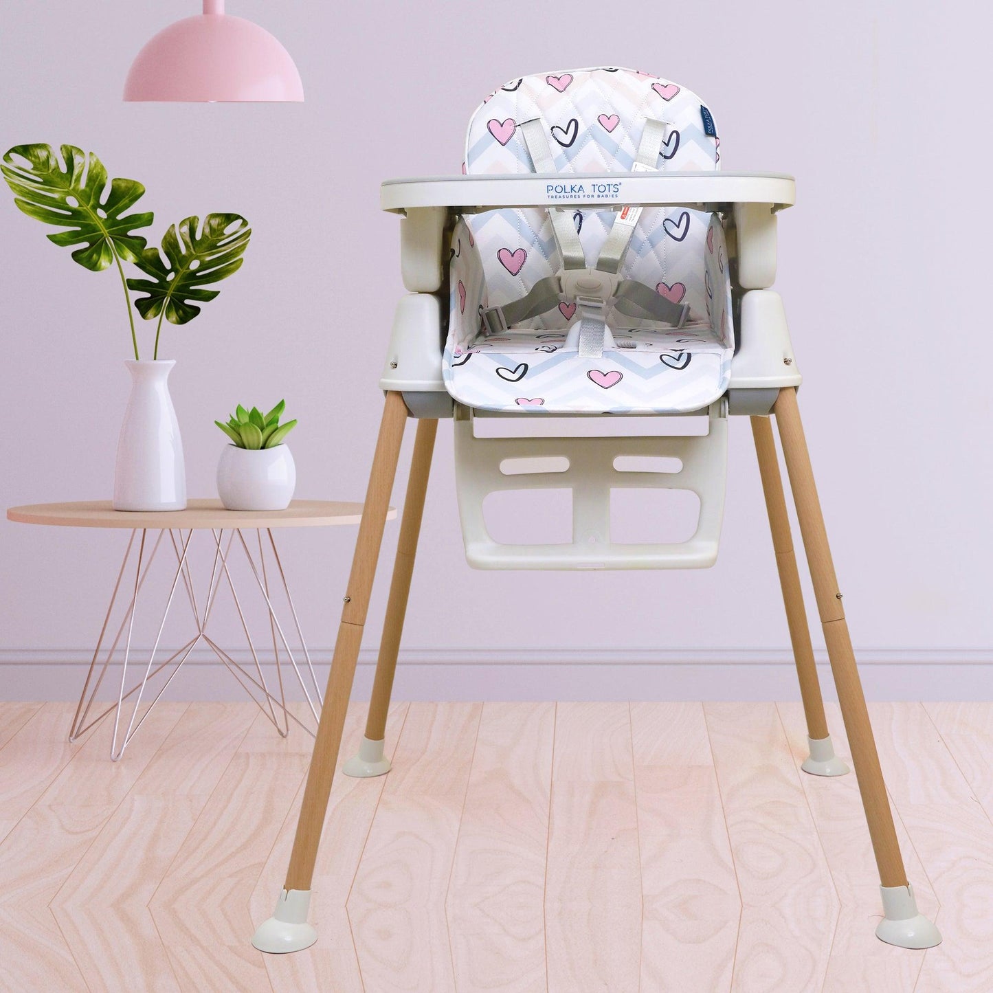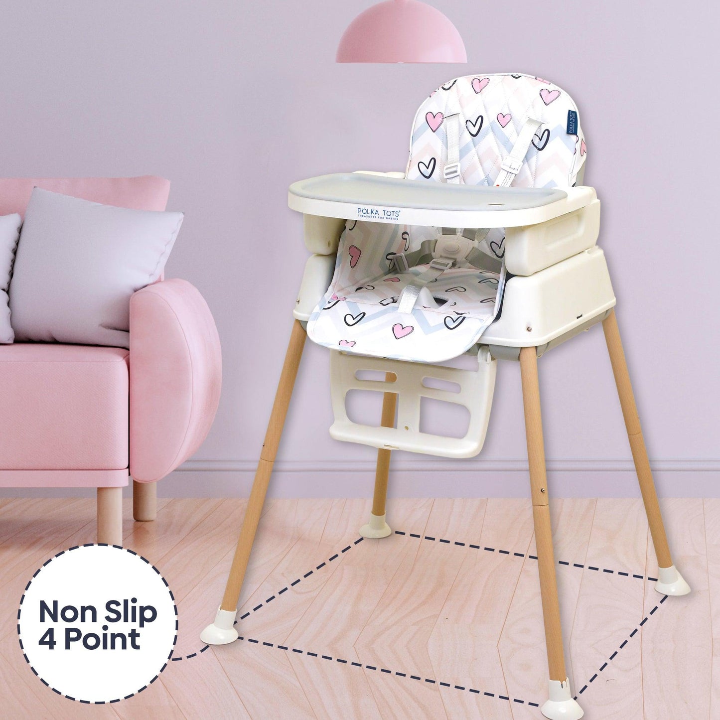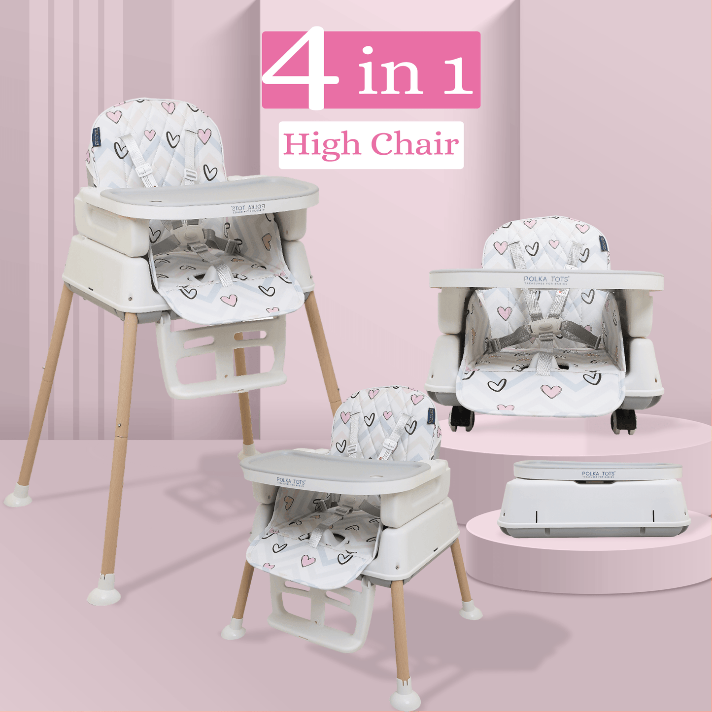Polka Tots Grow & Glide 4 in 1 Convertible Heart Design High Chair - (Pink)
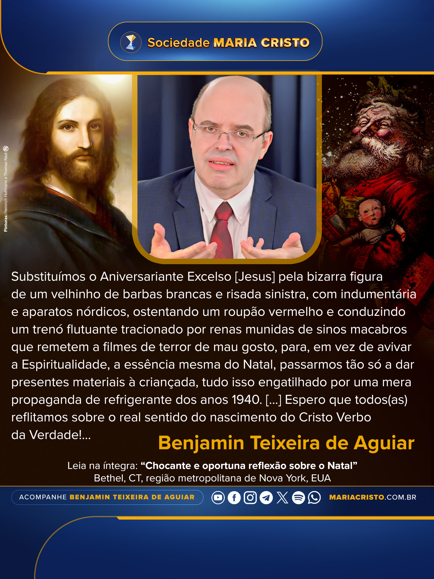 Substituímos o Aniversariante Excelso pela bizarra figura de um velhinho de barbas brancas e risada sinistra, com indumentária e aparatos nórdicos, ostentando um roupão vermelho e conduzindo um trenó flutuante tracionado por renas munidas de sinos macabros que remetem a filmes de terror de mau gosto, para, em vez de avivar a Espiritualidade, a essência mesma do Natal, passarmos tão só a dar presentes materiais à criançada, tudo isso engatilhado por uma mera propaganda de refrigerante dos anos 1940.
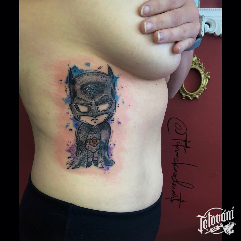 Tetování postavička Batman z filmů a pohádek na žebra
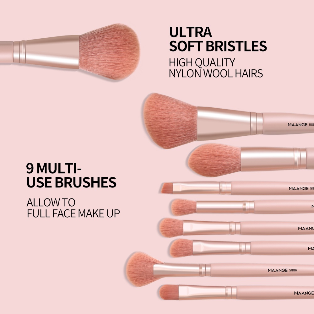 MAANGE 9Pcs Set Brush Makeup Kuas Eyeshadow Brush Kit Rambut Lembut Fluffy Alat Kecantikan Dengan Ember Kuas Organizer 52263
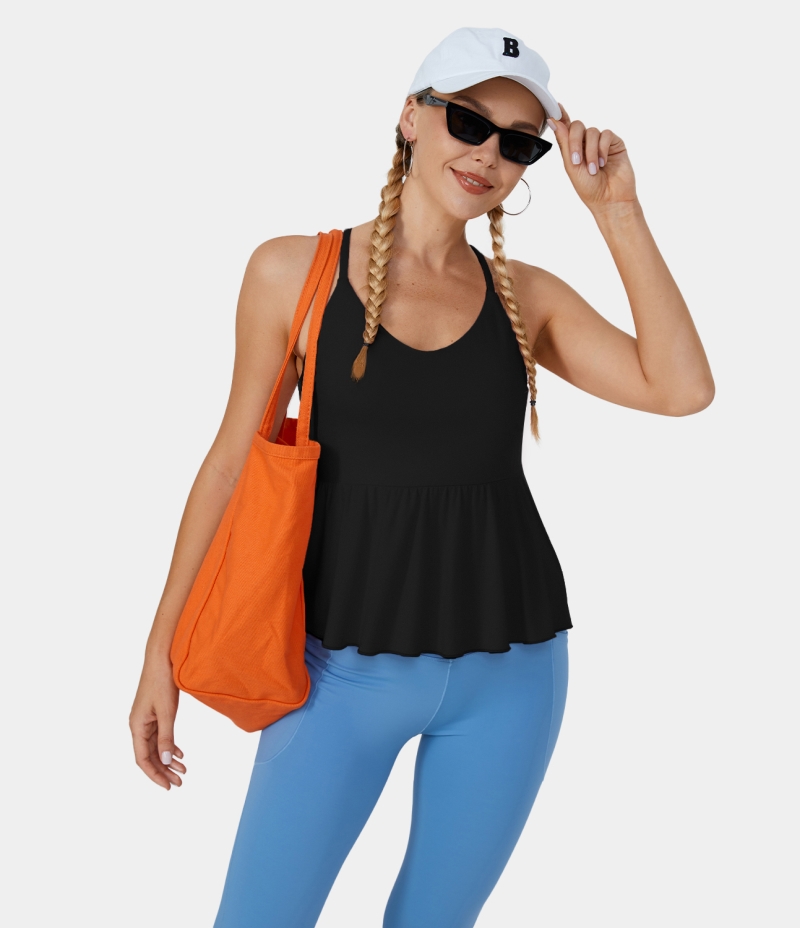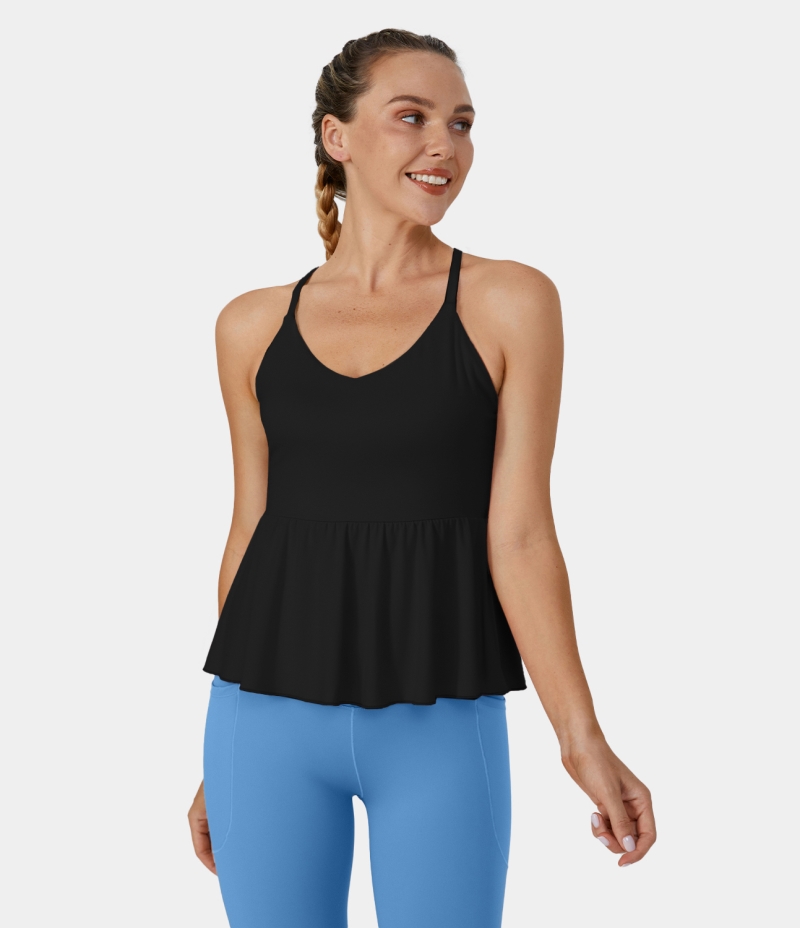 :: Halara Backless Crisscross Plicated Hem Barre Ballet Dance Tank Women's Tops Black | EMGXSDZ-79
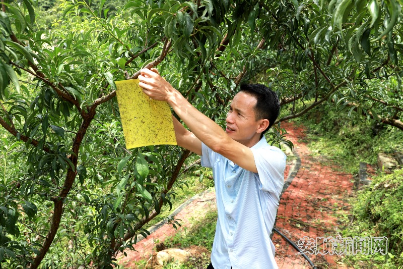 兴合村党支部书记杨仕明在蜂糖李果园管护果树
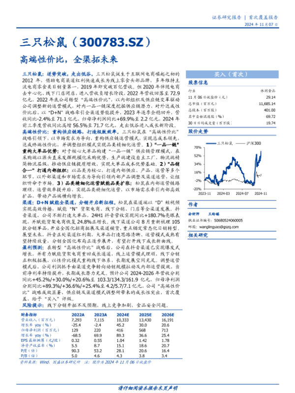 【国盛证券】【20241107】三只松鼠(300783)高端性价比,全渠拓未来-28页 行业研究
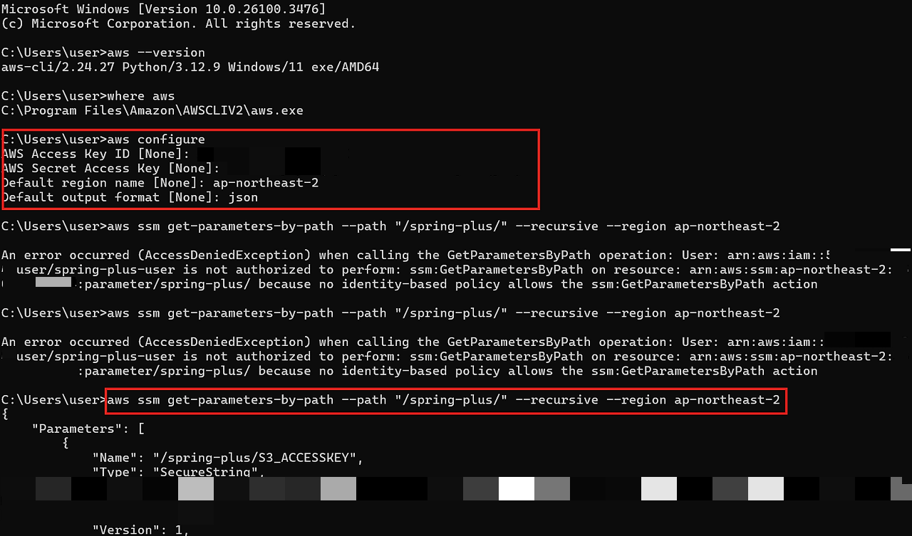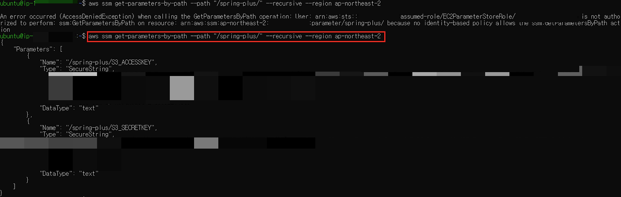 `aws ssm get-parameters-by-path` 명령어를 실행하여 환경변수를 정상적으로 가져오는지 확인
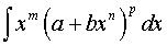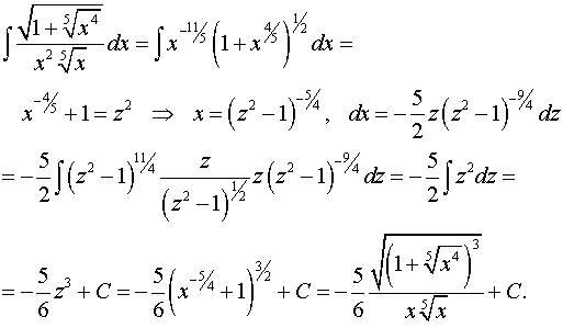 План решения. Выражение называется дифференциальным биномом. Условия его интегрируемости в элементарных функциях получены П.Л. Чебышевым. Интеграл
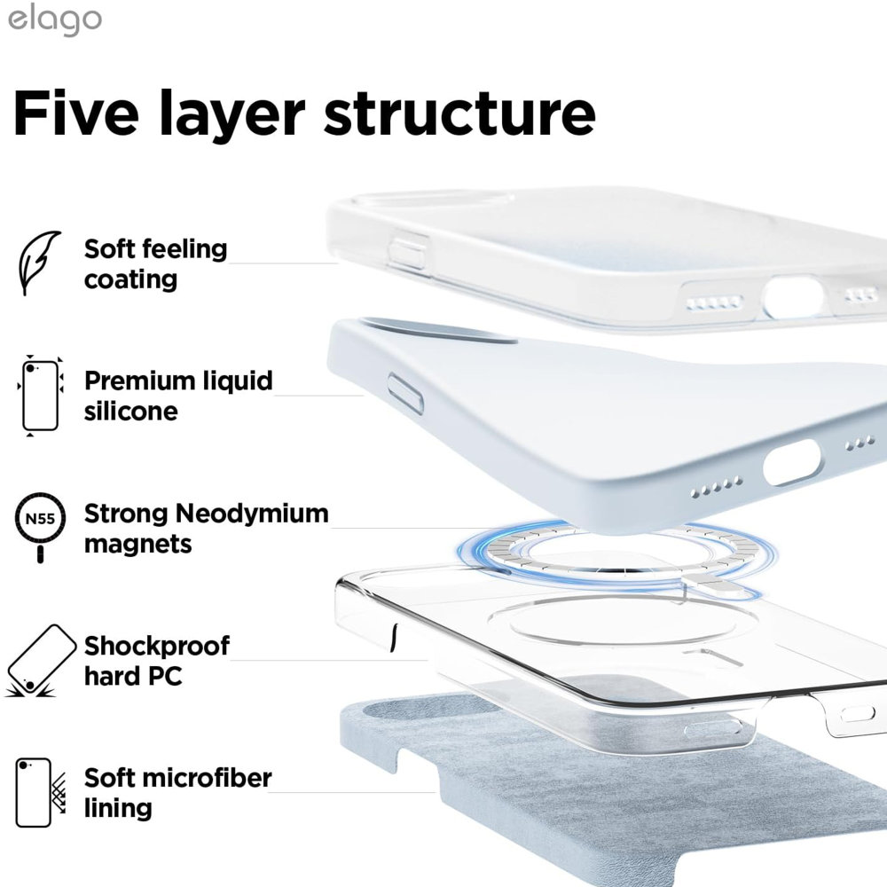 ELAGO Magsafe Silicone Case za iPhone16e 2025 Light Blue
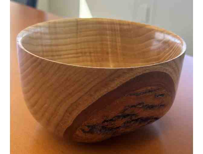 3.5 h x 6w bowl with a bark inclusion finished with shellac Made from large ash tree located in Waccabuc, NY killed by the Ash Bore Beetle. Custom handmade pieces from the collection of woodworking artist Denis McGuire. Bid on one item or collect them all to make a beautiful display set. Items not available in stores.
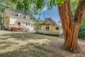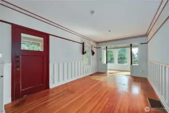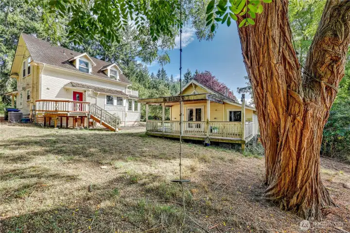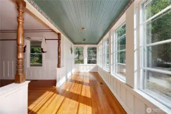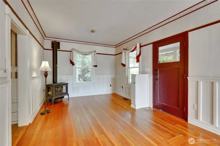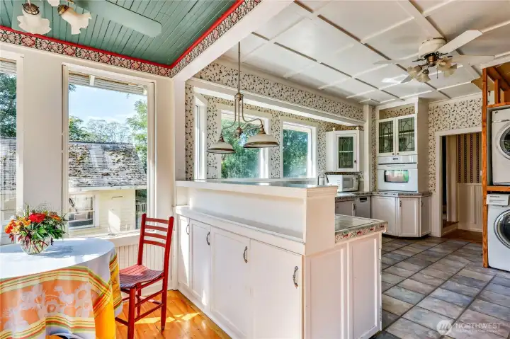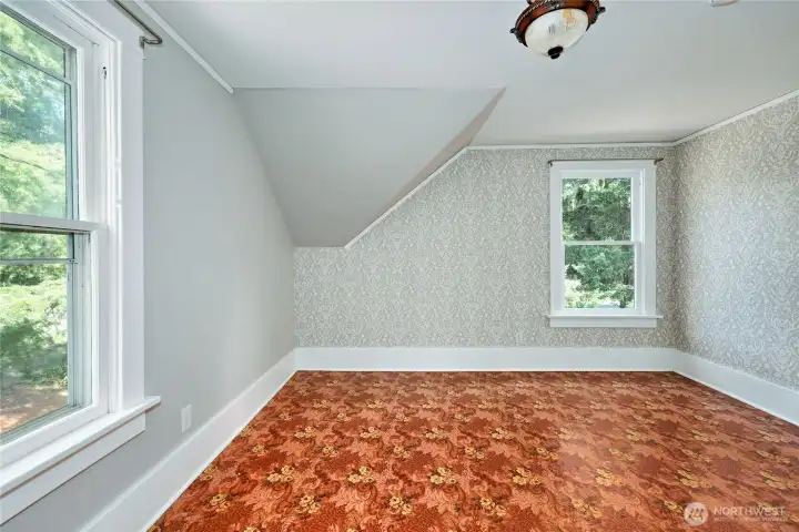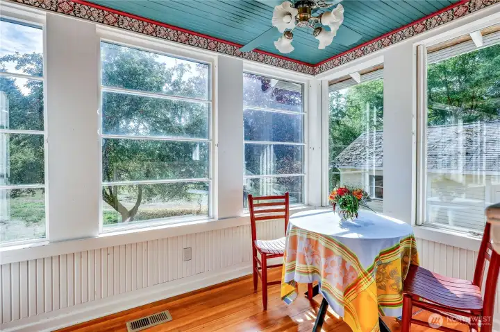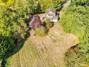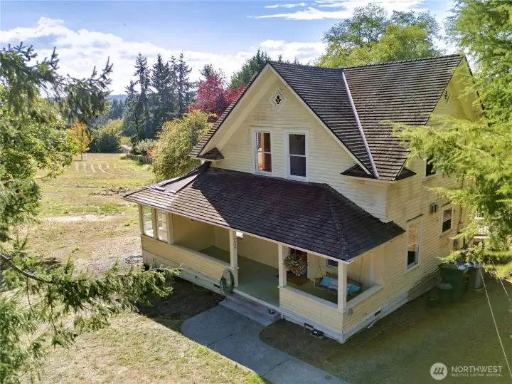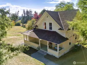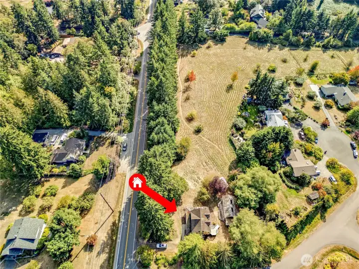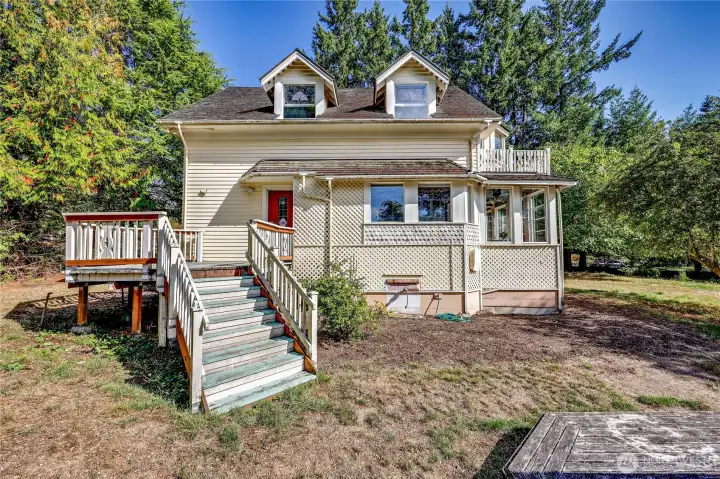 This wonderful sunny and classic farm house has extraordinary charm. Perched at the top of Windsong Loop, this home sits adjacent to a 5-acre open meadow which is neighborhood common space and creates a wonderful buffer. 3 bedrooms and full bath on the second floor. Country kitchen and large living room with wall of south facing windows and full bath on the main floor. Original wood floors and leaded stained glass complete the picture perfect Heritage Bainbridge Farmhouse. Close to Rolling Bay with it's shops and cafes, Ted Olsen Nature Preserve, schools and highway access. This is an excellent opportunity for sweat equity or an investment potential. Bring your vision and energy to this special property.
========================================================================
A verbatim copy of the data, free of pictures, is the expected answer.

Polka Tots Grow & Glide 4 in 1 Convertible Heart Design High Chair - (Pink)
 Substituímos o Aniversariante Excelso pela bizarra figura de um velhinho de barbas brancas e risada sinistra, com indumentária e aparatos nórdicos, ostentando um roupão vermelho e conduzindo um trenó flutuante tracionado por renas munidas de sinos macabros que remetem a filmes de terror de mau gosto, para, em vez de avivar a Espiritualidade, a essência mesma do Natal, passarmos tão só a dar presentes materiais à criançada, tudo isso engatilhado por uma mera propaganda de refrigerante dos anos 1940.
 Tetování postavička Batman z filmů a pohádek na žebra
 MAANGE 9Pcs Set Brush Makeup Kuas Eyeshadow Brush Kit Rambut Lembut Fluffy Alat Kecantikan Dengan Ember Kuas Organizer 52263
 :: Halara Backless Crisscross Plicated Hem Barre Ballet Dance Tank Women's Tops Black | EMGXSDZ-79
 兴合村党支部书记杨仕明在蜂糖李果园管护果树
 【国盛证券】【20241107】三只松鼠(300783)高端性价比,全渠拓未来-28页 行业研究
 `aws ssm get-parameters-by-path` 명령어를 실행하여 환경변수를 정상적으로 가져오는지 확인
 План решения. Выражение называется дифференциальным биномом. Условия его интегрируемости в элементарных функциях получены П.Л. Чебышевым. Интеграл
 ELAGO Magsafe Silicone Case za iPhone16e 2025 Light Blue
 3.5 h x 6w bowl with a bark inclusion finished with shellac Made from large ash tree located in Waccabuc, NY killed by the Ash Bore Beetle. Custom handmade pieces from the collection of woodworking artist Denis McGuire. Bid on one item or collect them all to make a beautiful display set. Items not available in stores.
 This wonderful sunny and classic farm house has extraordinary charm. Perched at the top of Windsong Loop, this home sits adjacent to a 5-acre open meadow which is neighborhood common space and creates a wonderful buffer. 3 bedrooms and full bath on the second floor. Country kitchen and large living room with wall of south facing windows and full bath on the main floor. Original wood floors and leaded stained glass complete the picture perfect Heritage Bainbridge Farmhouse. Close to Rolling Bay with it's shops and cafes, Ted Olsen Nature Preserve, schools and highway access. This is an excellent opportunity for sweat equity or an investment potential. Bring your vision and energy to this special property.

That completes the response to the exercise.